Getting ready to leave Coal Harbour Marina

The original plan was to sail to Desolation Sound and spend a couple of days there, but the day we left the wind was blowing hard and exactly from the direction where we planned to sail, so we changed our plans just an hour into the trip. Instead if going north to Desolation sound we went west and crossed the Strait of Georgia to Galiano island.

There was more wind than I had imagined and there were a lot of waves once we were away from the mainland. Most of my family members did not feel too great, but luckily the boat is quite fast and within 3 hours we were on the other side of the strait where the conditions were very different. On the west side of Galiano the water was completely flat and there was hardly any wind.

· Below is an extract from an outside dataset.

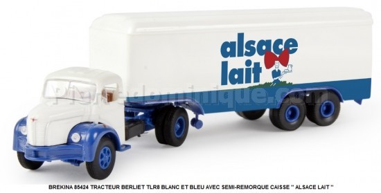 TRACTEUR BERLIET TLR8 BLANC ET BLEU AVEC SEMI-REMORQUE CAISSE '' ALSACE LAIT ''

Then I suddenly realized that I did not bring any guidebooks nor official charts for the Gulf Islands with me, because we had not planned to go here. Luckily my chart plotter has all the charts I needed, so based on those charts and with a bit of Googling on my phone we decided to go to Ganges Harbour on Salt Spring Island. I called 2 marinas there, the first one (Salt Spring Marina) did not answer the phone but the second one (Ganges Marina) luckily did. They would close for the night before we would arrive but they still had a good spot for us.

Liberty in Salt Spring Island (Ganges Harbour)

The marina was quite nice and they indeed had a big spot where other sailors helped us to tie up the boat. We then cooked a quick meal so the kids could go to bed early (they were very tired after a long day on the water), and after that I had a bottle of wine with my parents.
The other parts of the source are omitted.